→ **Data excerpt**

────────────────

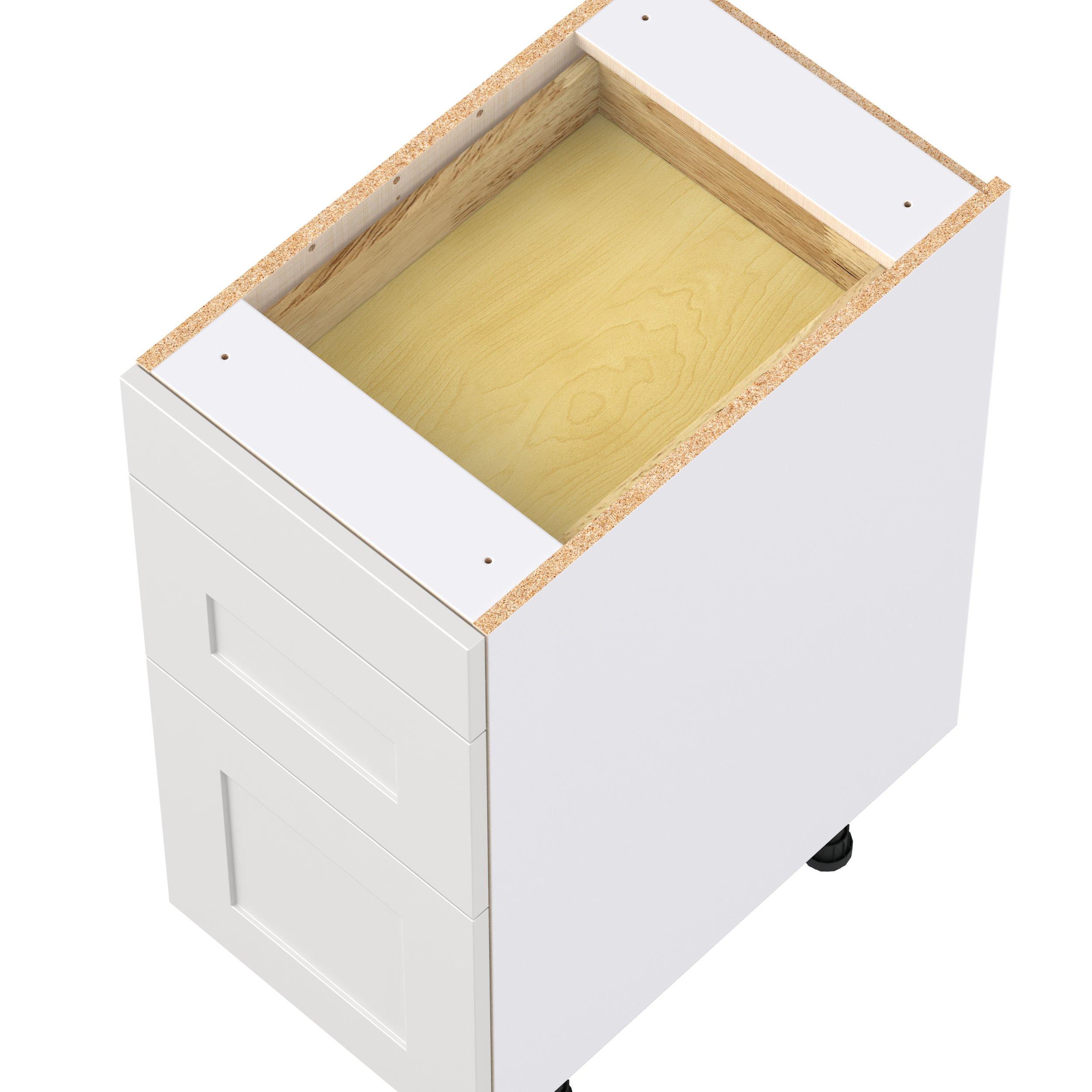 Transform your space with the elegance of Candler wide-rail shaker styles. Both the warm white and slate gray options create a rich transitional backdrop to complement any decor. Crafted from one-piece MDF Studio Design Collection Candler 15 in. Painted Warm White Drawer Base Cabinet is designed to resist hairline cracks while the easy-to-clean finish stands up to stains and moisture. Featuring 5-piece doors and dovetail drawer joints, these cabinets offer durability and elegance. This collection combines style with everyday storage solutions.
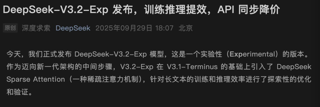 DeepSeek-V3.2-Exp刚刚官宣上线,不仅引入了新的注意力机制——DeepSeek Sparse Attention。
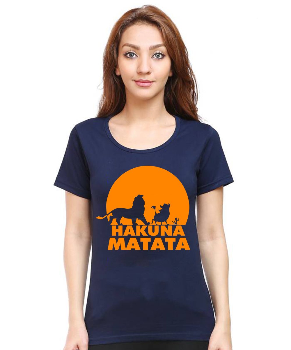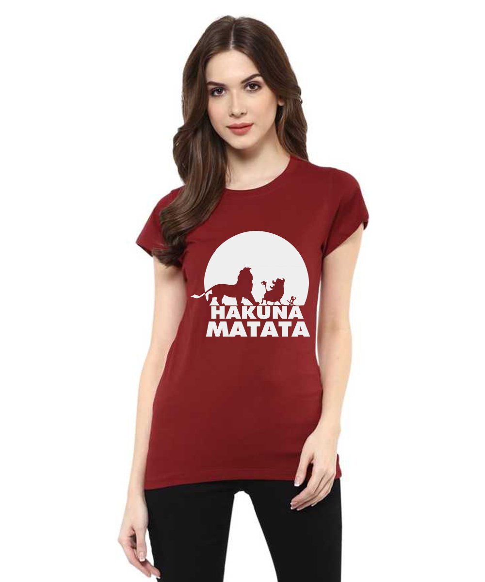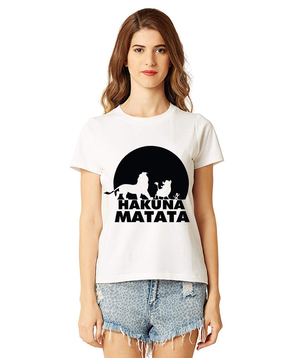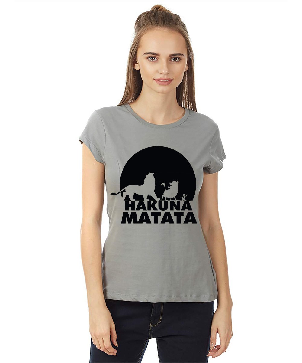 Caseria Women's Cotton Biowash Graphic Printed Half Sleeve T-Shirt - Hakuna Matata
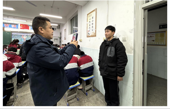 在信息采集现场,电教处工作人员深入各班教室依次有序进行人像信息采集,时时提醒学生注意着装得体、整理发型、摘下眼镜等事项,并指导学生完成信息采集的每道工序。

────────────────

→ **What is required**
From the line that contains "Caseria Women's Cotton" to the end of the listing, give every line again exactly as written. Leave the pictures out.

→ **Final answer**
 Caseria Women's Cotton Biowash Graphic Printed Half Sleeve T-Shirt - Hakuna Matata
 在信息采集现场,电教处工作人员深入各班教室依次有序进行人像信息采集,时时提醒学生注意着装得体、整理发型、摘下眼镜等事项,并指导学生完成信息采集的每道工序。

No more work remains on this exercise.